Dans le cheminement spirituel, tu comprends que la souffrance devient quelque chose qui t’est donné pour te montrer où ton esprit est encore accroché. C’est un véhicule pour t’aider à passer à l’action. C’est pourquoi on l’appelle la grâce.
Si tu continues à examiner ton esprit, tu verras que les pensées sur qui tu es et sur la manière dont tout est, créent la réalité que tu es en train d’expérimenter.
La question intéressante, c’est : comment vous mettre dans une position telle que vous puissiez laisser « ce qui est » être ? L’ennemi se révèle être la création de l’esprit. Car lorsque vous êtes simplement dans l’instant, en train de faire ce que vous faites, il n’y a pas de peur. La peur n’est pas dans les actions. La peur est dans la pensée au sujet des actions.

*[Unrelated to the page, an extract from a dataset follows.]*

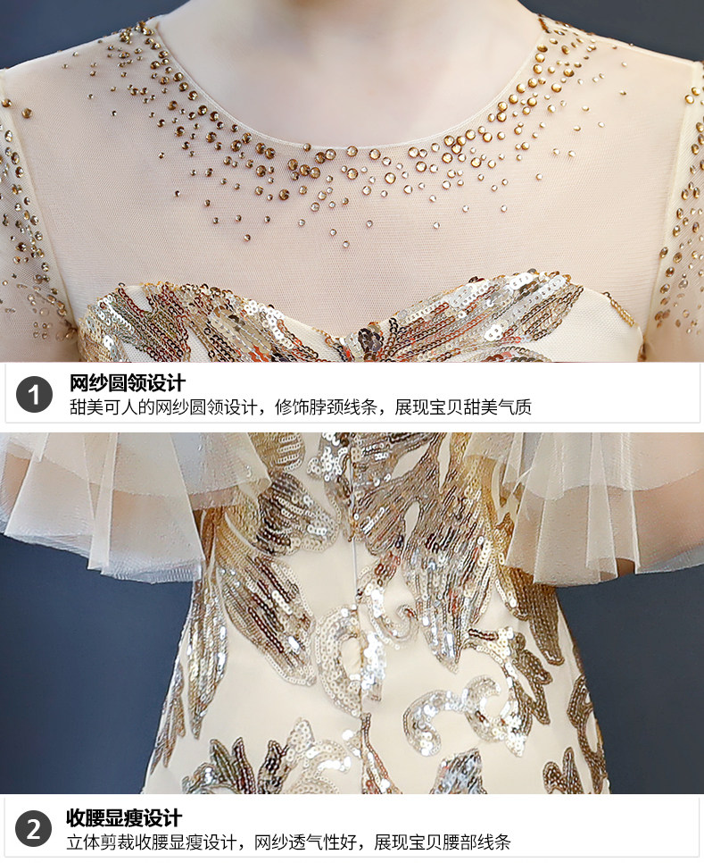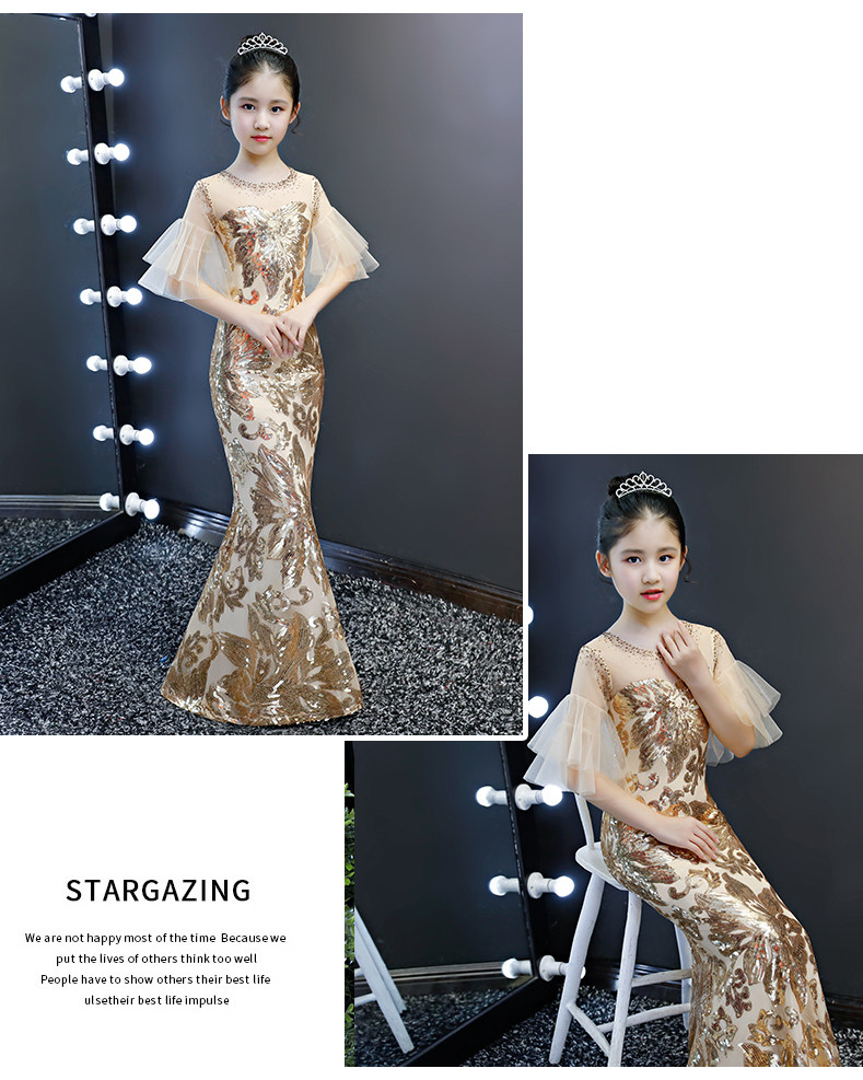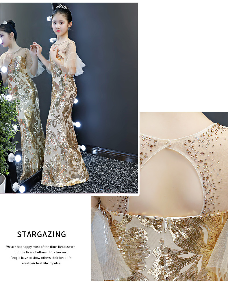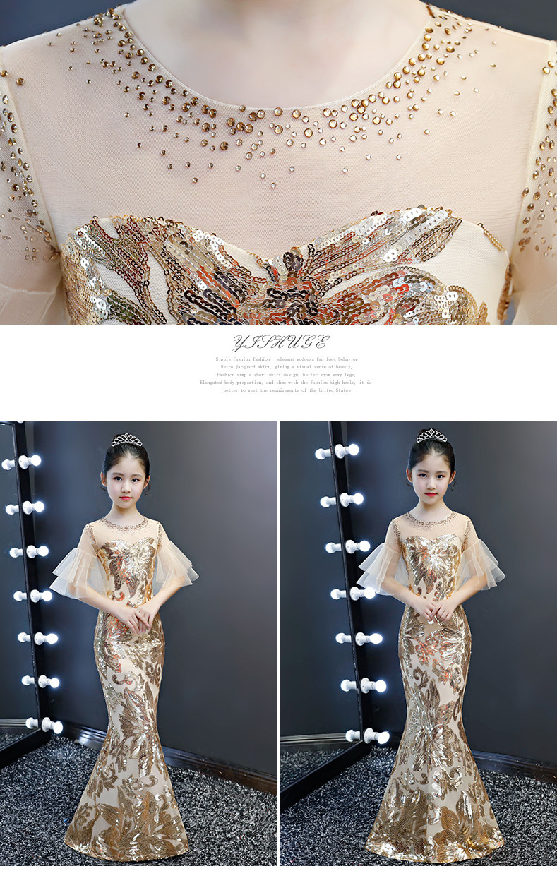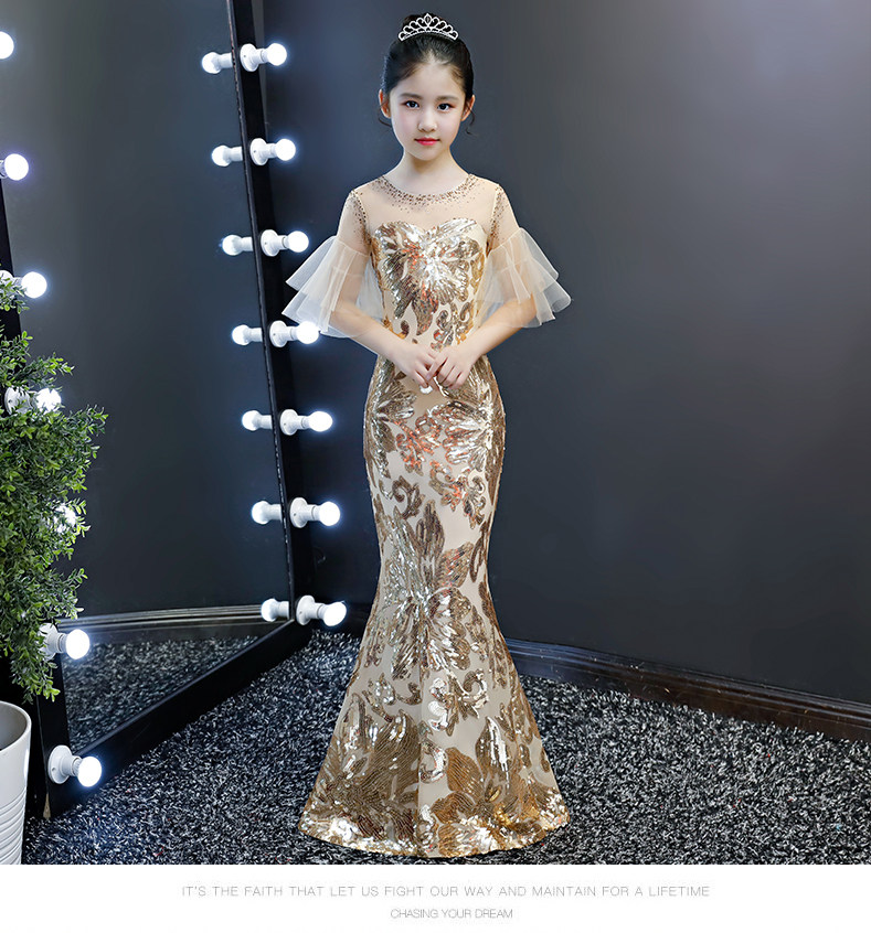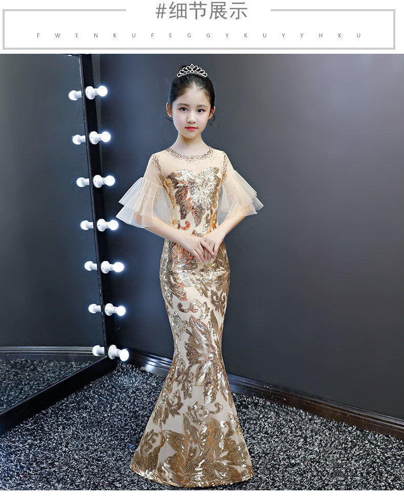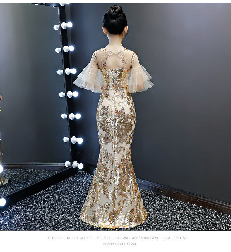 Детское роскошное свадебное платье; Детское вечернее платье с золотыми блестками; Элегантные вечерние платья Русалочки с расклешенными рукавами в китайском стиле

Observez comment votre esprit juge. Le jugement naît, en partie, de votre propre peur. Vous jugez les autres parce que vous n’êtes pas à l’aise dans votre propre être. En jugeant, vous découvrez où vous vous situez par rapport aux autres. L’esprit jugeant divise : il sépare. La séparation ferme le cœur. Si vous fermez votre cœur à quelqu’un, vous prolongez votre souffrance et la sienne. Passer au-delà du jugement, c’est apprendre à apprécier votre situation et la leur, avec un cœur ouvert, au lieu de juger. Alors vous pouvez vous permettre, ainsi qu’aux autres, d’être simplement, sans séparation.
Le cœur se rend entièrement au moment. L’esprit juge et retient.
Après avoir médité pendant quelques années, j’ai commencé à voir les schémas de mon propre comportement. Quand vous apaisez votre esprit, vous commencez à voir plus clairement la nature de votre résistance : les luttes, les dialogues intérieurs, la manière dont vous procrastinez et développez une résistance passive à la vie. En cultivant la posture du témoin, tout change. Vous n’avez pas besoin de tout changer : les choses changent d’elles-mêmes.
Quand tu t’identifies entièrement à ton esprit pensant, tu es totalement séparé de tout le reste de l’univers.
Le cœur se livre entièrement à l’instant. L’esprit juge et retient. Dans la plupart de nos relations humaines, nous passons beaucoup de temps à nous rassurer mutuellement que nos costumes d’identité sont bien en place. Quand nous voyons l’Aimé en chaque personne, c’est comme traverser un jardin : on regarde les fleurs s’épanouir tout autour de nous.